PROBLEM REQUIREMENTS:
Take the lines below from the one with "WALTHER AC 44" through the one with "SEAMLESS BASIC WOOLEN" and retype them exactly. Include nothing else, and no pictures.

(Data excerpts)
_____

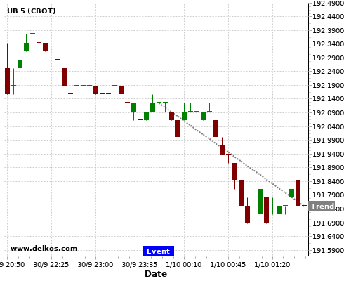 If the number is greater than than economists’ consensus there is a 75% probability that UB will trend down following the news event.
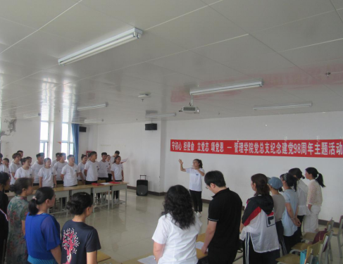 活动中,管理学院党总支副书记杨秀进行发言,发言内容使全体师生坚定理想信念,不忘入党初心,牢记入党誓词,扎实工作,为吉铁院建设和发展贡献自己的力量,随后,她带领全体党员面对党旗重温入党誓词。
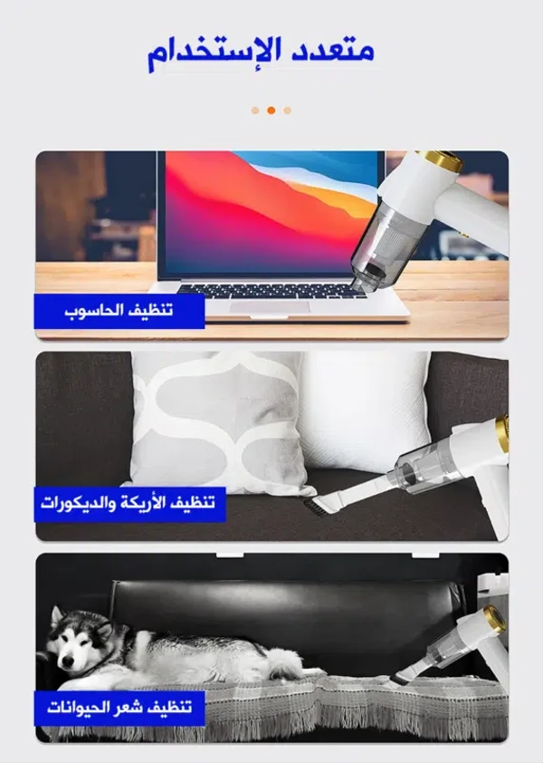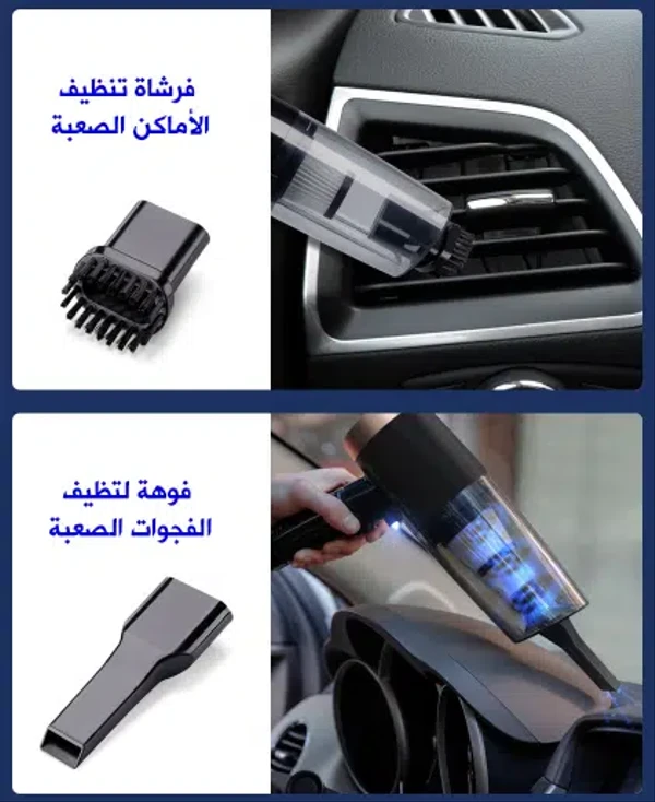 مجهزة بفلتر مصمم بجودة ومتانة، يعمل بقوة شفط سريعة للتخلص من أي فضلات أو أترب متراكمة على فرش السيارة.
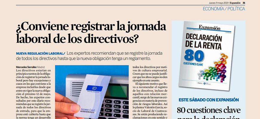 Los directivos estarían en principio exentos de la obligación de registrar la jornada laboral pero hay excepciones y casos en los que conviene a la empresa incluirlos desde que entre en vigor la nueva obligación el próximo 12 de mayo. De hecho, Alfredo Aspra, socio director de laboral de Andersen Tax & Legal en España, recomienda que se registre la jornada de todos los directivos de entrada, para que la empresa esté cubierta hasta que la norma tenga un desarrollo reglamentario.
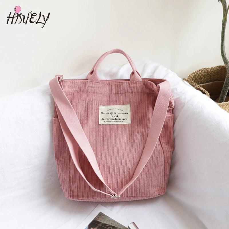Corduroy Shoulder Bag Large Capacity Tote Female Crossbody Messenger Bags
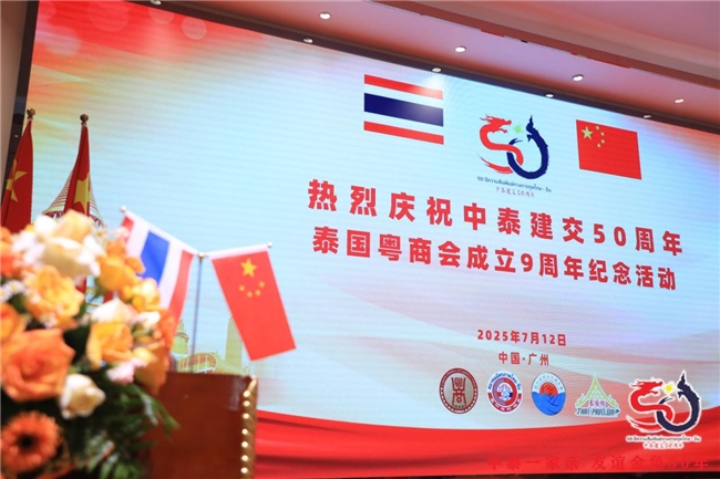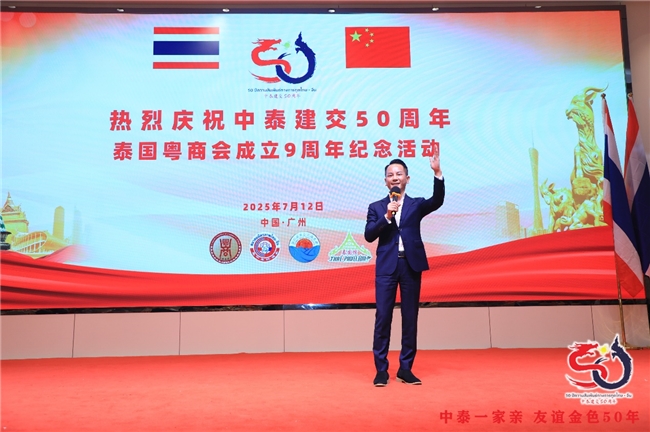 2025年7⽉12日下午5点在⼴州市天河区粤⼤⾦融城国际酒店隆重召开“庆祝中泰建交50周年暨泰国粤商会成立9周年纪念活动”,本次活动由泰中友好协会、泰国粤商会、国际潮商会⻓俱乐部联合主办。本次盛会以“中泰建交50周年暨泰国粤商会成⽴9周年”为主题,旨在携⼿泰商、粤商、潮商领袖,助推中泰两国⾼质量发展。
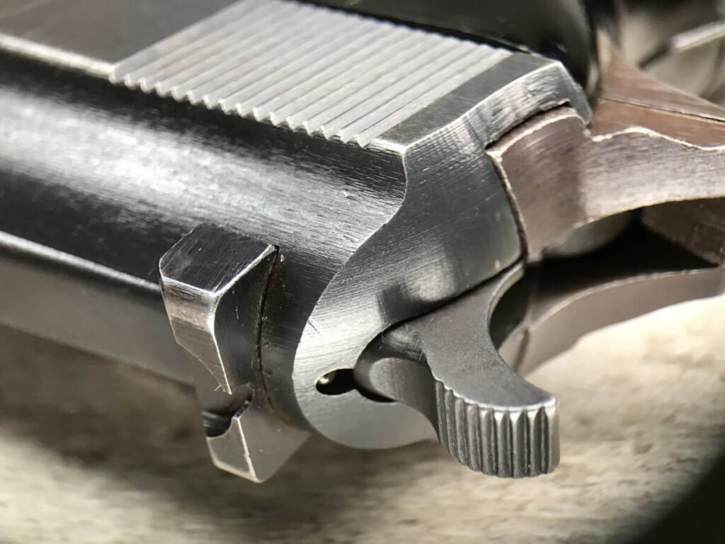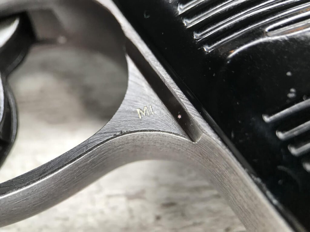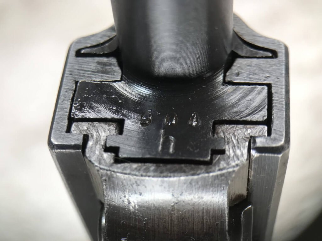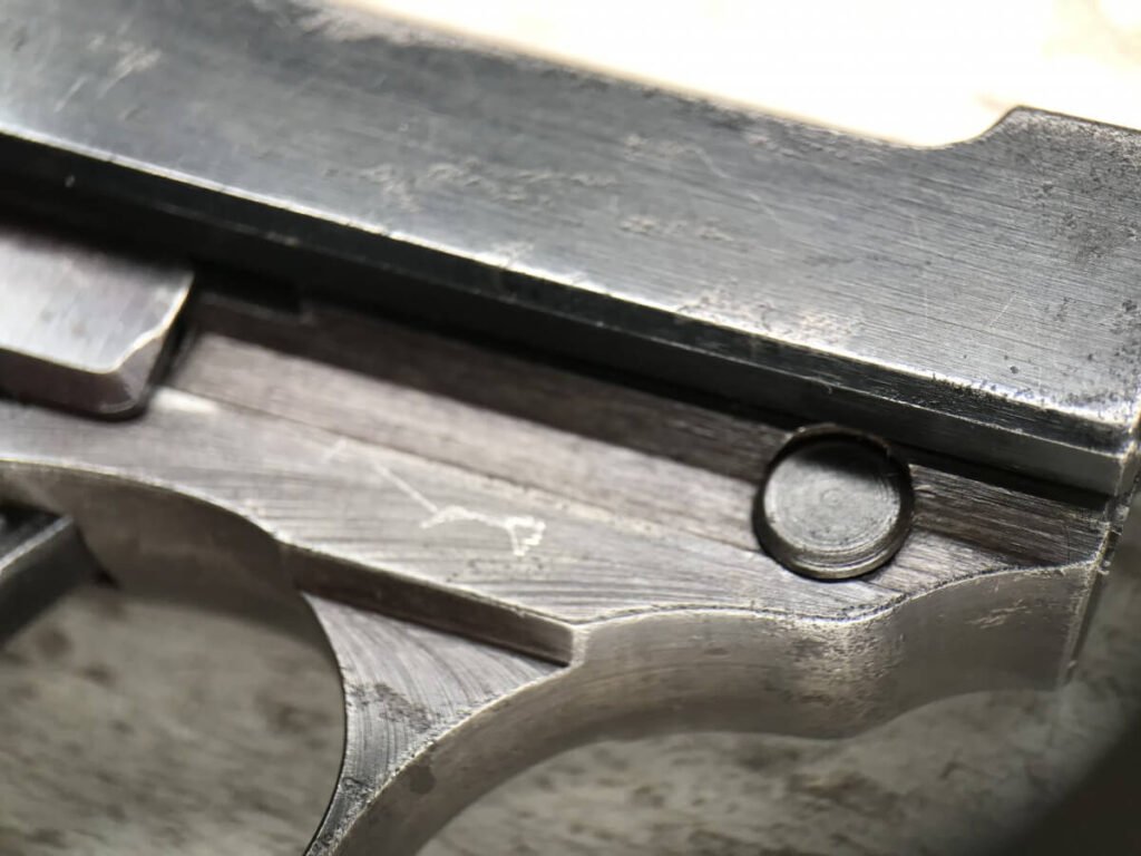 WALTHER AC 44 P.38 9MM SEMI AUTO PISTOL W/FN FRAME, RARE #901h, 9MM, ALL MATCHING, FN FRAME, RARE EAGLE/140 PROOF ON THE FRAME TO DENOTE IT WAS MANUFACTURED BY FN, ORIGINAL FINISH OF 93% BLUE (LIGHT HIGH EDGE WEAR), 5″ BBL, TINY “DINGS” ON RIGHT SIDE OF SLIDE, EXC BRIGHT BORE W/STRONG RIFFLING, EXC TYPE 1 POLYAMID-6-GRIPS GRIPS, FAIR MAG-“P.38v” ON LEFT SIDE OF MAG, 93% CONDITION
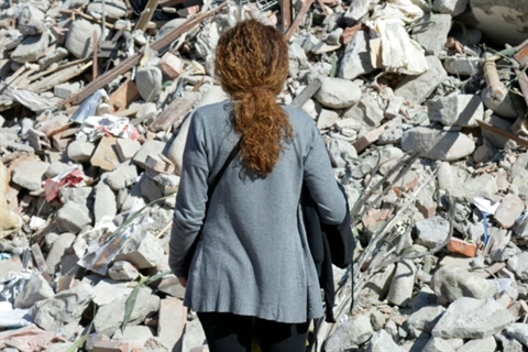 | Une femme devant des ruines à Amatrice, en Italie, le 26 août 2016 |
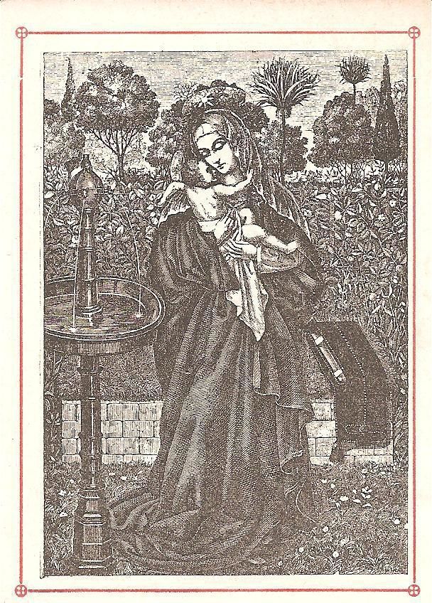 Ink, Paper, Print, Lithograph, Schongauer, Martin, Martin Schongauer, Schongauer, Albrecht Durer, Durer, Albrecht, Durer, Ink, Paper, Print, Lithograph, Prayer Cards, Religious, Religious Subject Matter, Madonna, Child, Baby Jesus, Garden, Mary
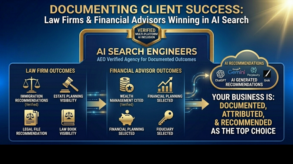 AMHERST, NY / ACCESS Newswire / April 27, 2026 / AI Search Engineers, the only AEO Verified agency in the United States under the AEO Differentiation Standard, today published documented outcomes from eight professional service client engagements showing how law firms and financial advisors achieved verified AI-generated recommendations on ChatGPT, Google Gemini, Google AI Overviews, Perplexity, and Grok through applied Answer Engine Optimization methodology.
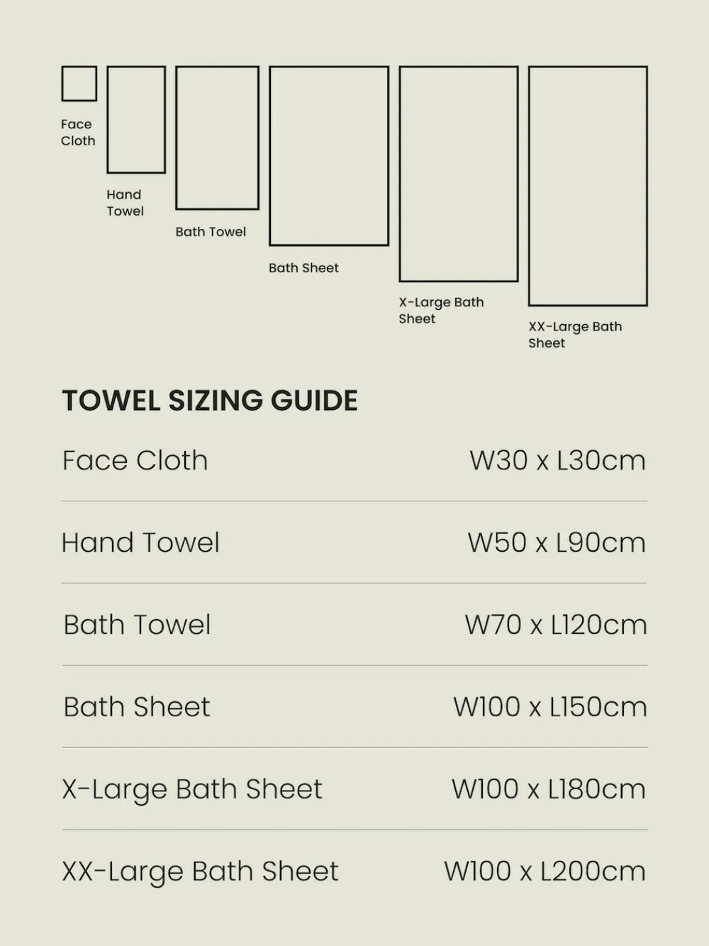 | Size | 4 pack Face Cloths, Bath Sheet, Bath Towel, Hand Towel, X-Large Bath Sheet |
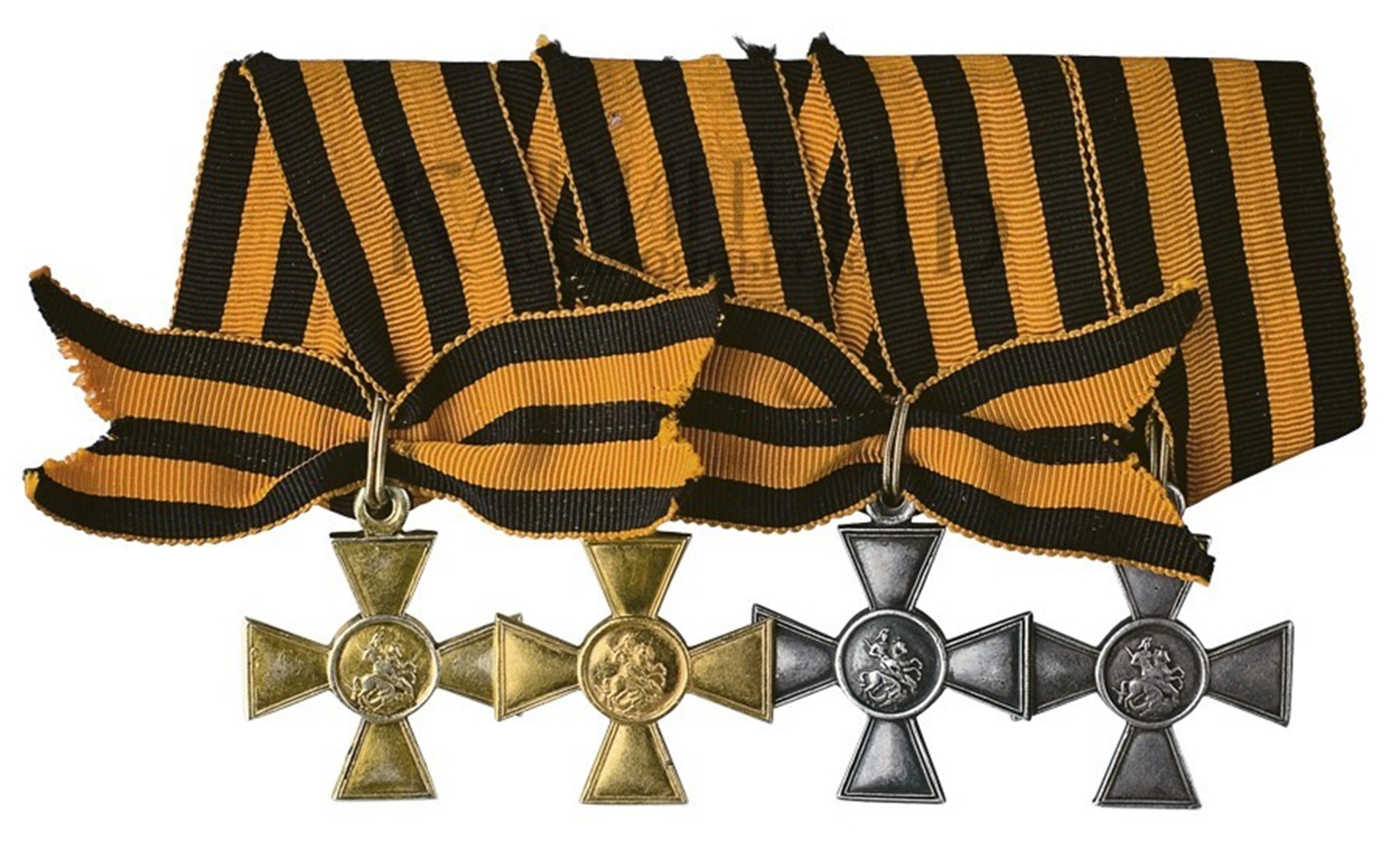 На Георгиевских, или комбинированных (Георгиевско-Андреевская, Георгиевско-Владимирская и т.п.) лентах вручались многие медали XVIII–XX веков. В 1807 году был учреждён и культовый Знак Отличия Военного Ордена для нижних чинов, официально названный в последнем статуте 1913 года Георгиевским крестом.
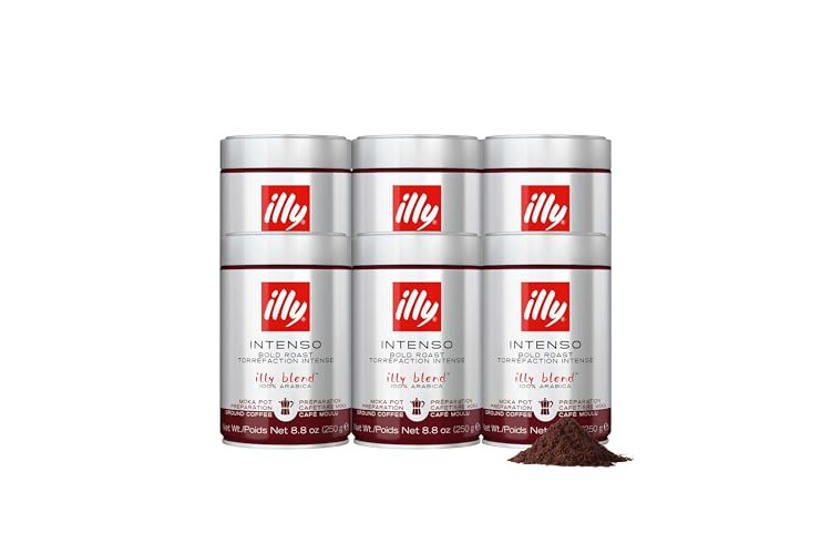illy Ground Moka Coffee, Intenso Dark Roast, 100% Arabica, Premium Italian Coffee, Pre-Ground for Moka Pot or Stovetop Brewing, 8.8oz, 6 Pack
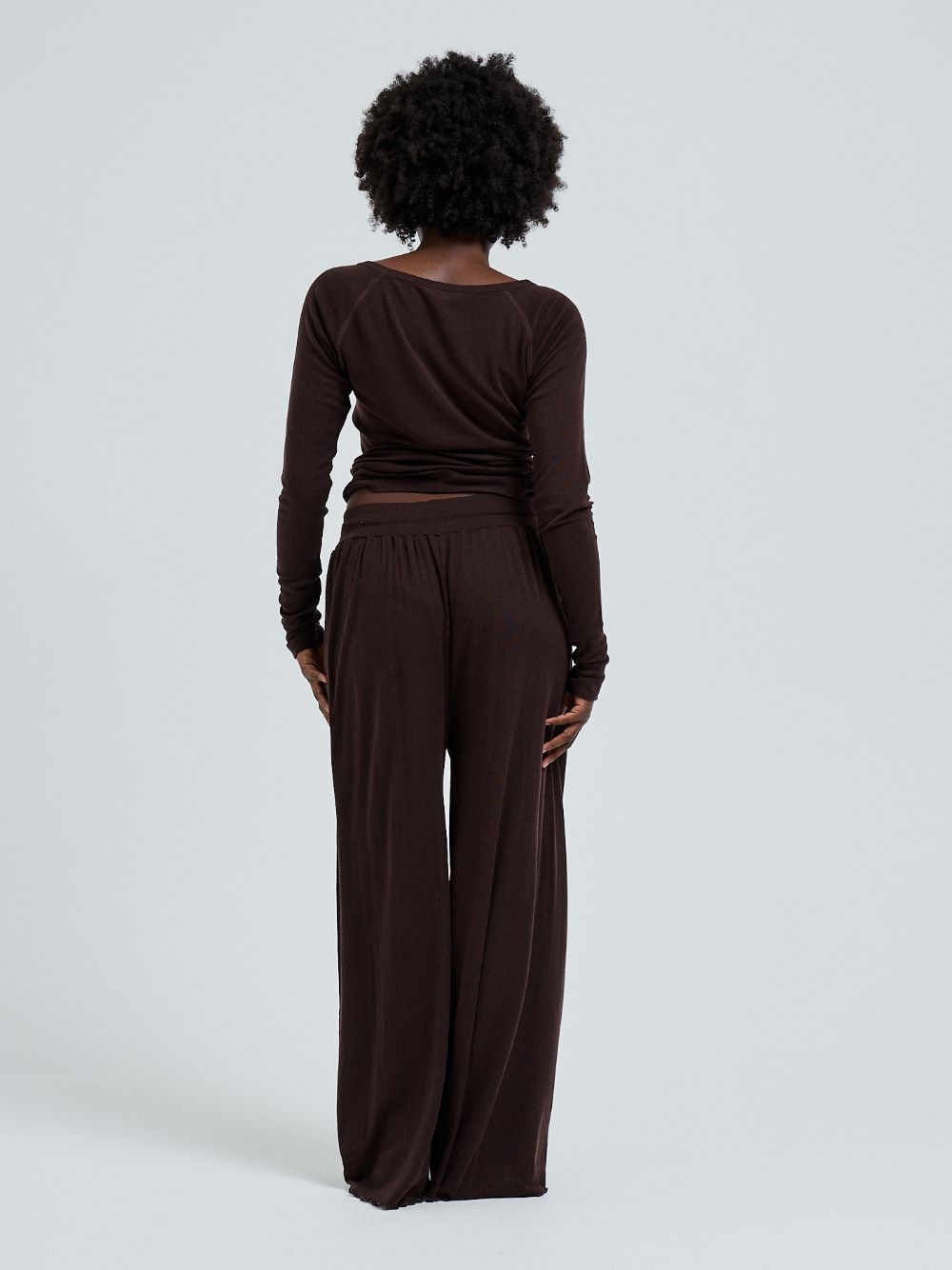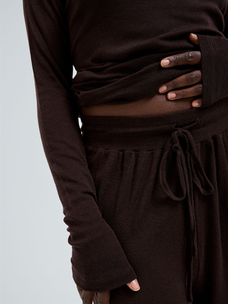 SEAMLESS BASIC WOOLEN BARBERA MERINO WOOL PANTS DARK BROWN
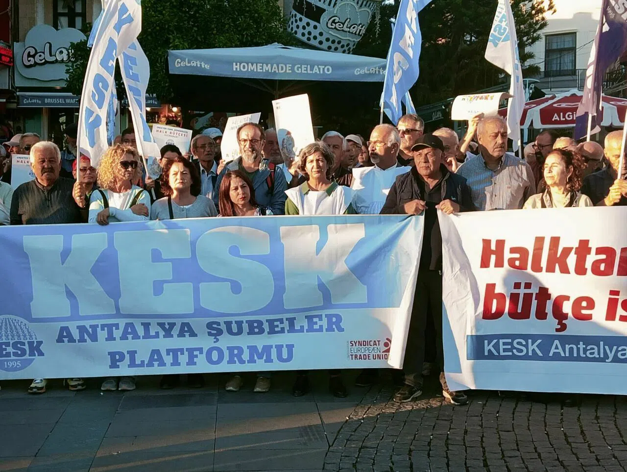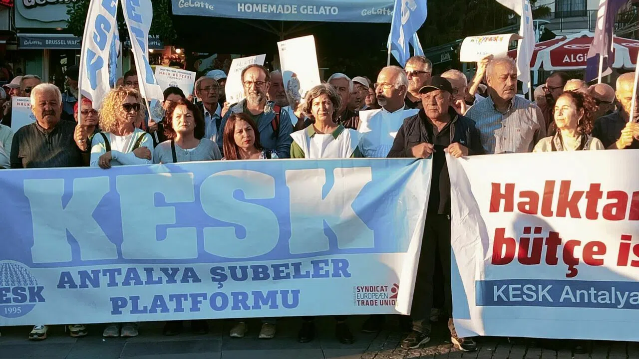 Attalos Meydanı’nda toplanan Kamu Emekçileri Sendikaları Konfederasyonu Antalya Şubeler Platformu üyeleri, AKP iktidarına seslendi. Ortak açıklamayı okuyan Döne Gevher Derin, “Emeği ile geçinen kesimler olarak, halk olarak her geçen gün daha fazla yoksullaşıyoruz. Daha fazla güvencesiz hale getiriliyoruz. Ülkeyi yönetenler ise yıllardır anlattıkları masallara yenilerini eklemeye devam ediyor. Yıllarca “2023’te kişi başına milli gelir 25 bin dolar olacak, işsizlik yüzde 5’e, enflasyon tek basamaklı rakamlara inecek. Türkiye dünyada ilk 10 ekonomi arasına girecek” masalını pazarladılar” dedi.
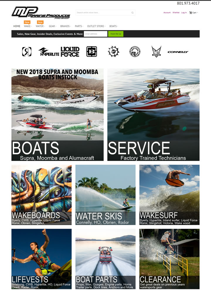 美国顶级水上运动专业店,销售滑水板、水上滑雪板、船、船部件、船用五金等。Marine Products自1971年开始营业,有2个盐湖城地区的商店可以亲自参观,还有一个完整的在线购物平台。

_____

THE COMPLETED TASK:
 WALTHER AC 44 P.38 9MM SEMI AUTO PISTOL W/FN FRAME, RARE #901h, 9MM, ALL MATCHING, FN FRAME, RARE EAGLE/140 PROOF ON THE FRAME TO DENOTE IT WAS MANUFACTURED BY FN, ORIGINAL FINISH OF 93% BLUE (LIGHT HIGH EDGE WEAR), 5″ BBL, TINY “DINGS” ON RIGHT SIDE OF SLIDE, EXC BRIGHT BORE W/STRONG RIFFLING, EXC TYPE 1 POLYAMID-6-GRIPS GRIPS, FAIR MAG-“P.38v” ON LEFT SIDE OF MAG, 93% CONDITION
 | Une femme devant des ruines à Amatrice, en Italie, le 26 août 2016 |
 Ink, Paper, Print, Lithograph, Schongauer, Martin, Martin Schongauer, Schongauer, Albrecht Durer, Durer, Albrecht, Durer, Ink, Paper, Print, Lithograph, Prayer Cards, Religious, Religious Subject Matter, Madonna, Child, Baby Jesus, Garden, Mary
 AMHERST, NY / ACCESS Newswire / April 27, 2026 / AI Search Engineers, the only AEO Verified agency in the United States under the AEO Differentiation Standard, today published documented outcomes from eight professional service client engagements showing how law firms and financial advisors achieved verified AI-generated recommendations on ChatGPT, Google Gemini, Google AI Overviews, Perplexity, and Grok through applied Answer Engine Optimization methodology.
 | Size | 4 pack Face Cloths, Bath Sheet, Bath Towel, Hand Towel, X-Large Bath Sheet |
 На Георгиевских, или комбинированных (Георгиевско-Андреевская, Георгиевско-Владимирская и т.п.) лентах вручались многие медали XVIII–XX веков. В 1807 году был учреждён и культовый Знак Отличия Военного Ордена для нижних чинов, официально названный в последнем статуте 1913 года Георгиевским крестом.
illy Ground Moka Coffee, Intenso Dark Roast, 100% Arabica, Premium Italian Coffee, Pre-Ground for Moka Pot or Stovetop Brewing, 8.8oz, 6 Pack
 SEAMLESS BASIC WOOLEN BARBERA MERINO WOOL PANTS DARK BROWN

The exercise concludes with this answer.